This adds an additional requirement as well: the ability to have different business rules for different cleansing requirements. Accounting may want to keep two records separate, but marketing may want to merge them to reduce costs during a mailout. So when marketing calls for a list of names from the database, the data cleansing tool needs to be able to merge names according to marketing’s requirements rather than the more conservative requirements of accounts.

Says Business Objects’ McMahan, “When you’re talking data quality throughout the enterprise, that’s a lot of work. It may be 50 different projects, say. You need a tool that provides a flexible architecture, a service-oriented architecture, where it can act as a centralised business rule repository. That makes the job of IT a lot simpler.”

Marketing apps that have these capabilities, such as those available from Trillium, DQ Global, Human Inference and Business Objects, are more than capable of appealing to the rest of the enterprise – and indeed many of their vendors are playing down the marketing origins of their applications in favour of these other functions. Yet they’re facing competition from vendors of mainstream enterprise applications who are adding data cleansing functions to their applications.

Unless those applications have been developed through acquisition, though, those mainstream applications won’t typically have the expertise necessary to take advantage of the full range of datasets available for data cleansing, without some end-user or consultant development work. For example, working with PAF will usually need to be done through integrating a smaller marketing-derived tool.

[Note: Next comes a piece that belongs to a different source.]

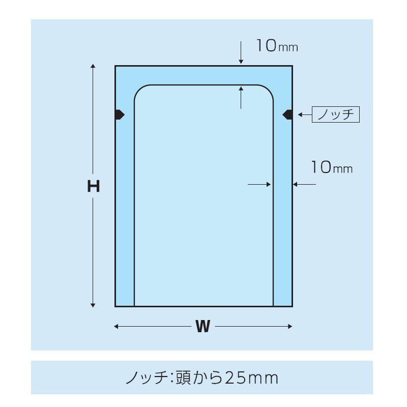 | 仕様 | 両サイド10mm・頭10mmシール、ノッチ付 |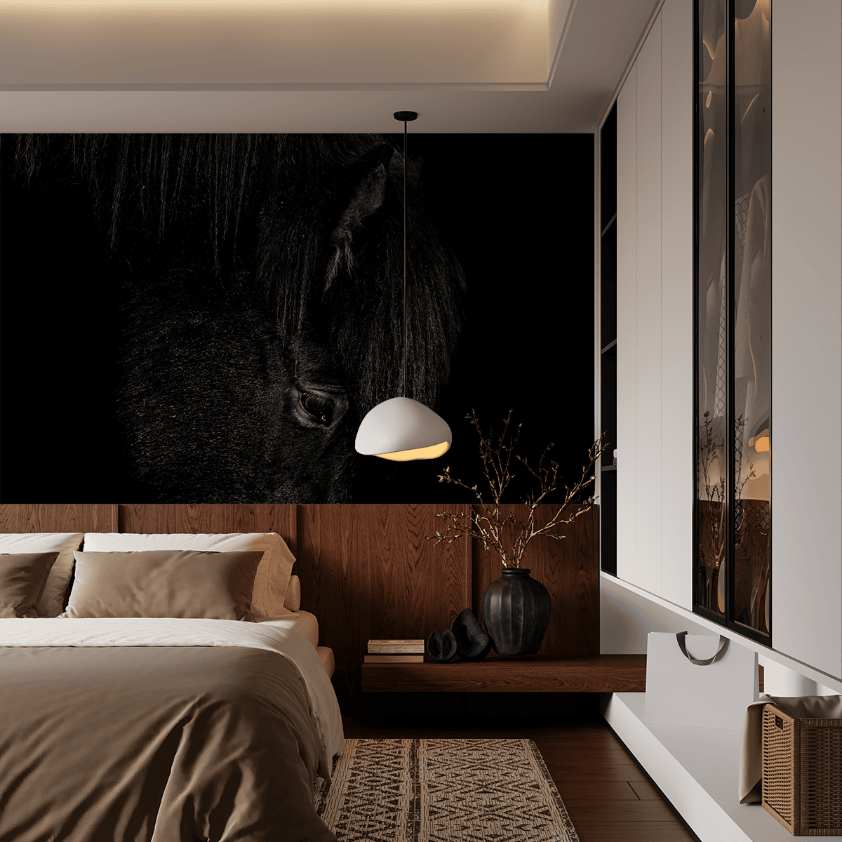 Introduceți o notă de mister și pace în interiorul dvs. cu fototapetul „Tăcerea nopții”. Acest portret alb-negru emoționant al unui cal în amurg emană putere, blândețe și o profunzime extraordinară a emoției. Forma minimalistă și jocul perfect de lumini și umbre fac ca pictura să atragă atenția, creând în același timp o atmosferă de pace și reflecție în cameră.

Using PAF and other datasets with these tools, when marketing or some other department might already license it for their own use, can also prove costly. Increasing use of the marketing tool to other parts of the enterprise can reduce dataset licensing costs. This inevitably means that fuller featured applications that can do address and postcode cleansing as well as other DQ functions and that can be accessed from anywhere are going to have an edge over the smaller specialised apps in the long-run.

Alternatively, some enterprises try to avoid double-licensing issues by using web services to access datasets hosted by third-parties. This also allows them to do data cleansing on the fly, paying per record cleaned. However, this doesn’t appeal to everyone, says Maurice Hickey, solutions consultant at Identex.

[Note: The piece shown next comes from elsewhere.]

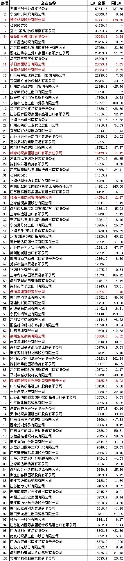 2013年1-6月中國(guó)紡織品服裝出口企業(yè)排名

“Some companies are wary of doing DQ themselves, while others are wary of web services or giving data to a bureaux.” Although bulk deals can be negotiated, the variable cost of pay-per-clean puts off some companies; the high cost of a pay-per-clean run on an initial database of thousands or millions of records scares others, although an initial cleanse by a bureau followed by ongoing pay-per-click can appeal.

Marketing tools that provide more than just the algorithm, but also include datasets and the technological ‘skills’ necessary to use that dataset effectively therefore have something of an edge.

Data Discoveries’ Brooks goes one further: “The days of taking data out and sending it to third-parties is over. It’s Dickensian. Sure, the advent of web tech all over the world makes things much easier. But you’re still dealing with third-parties and none of them understand your business as well as you do.” To get a true grip on data quality means using in-house tools. And that in turn means using tools that have come from the marketing department and that have the functions needed to dispense with bureaux.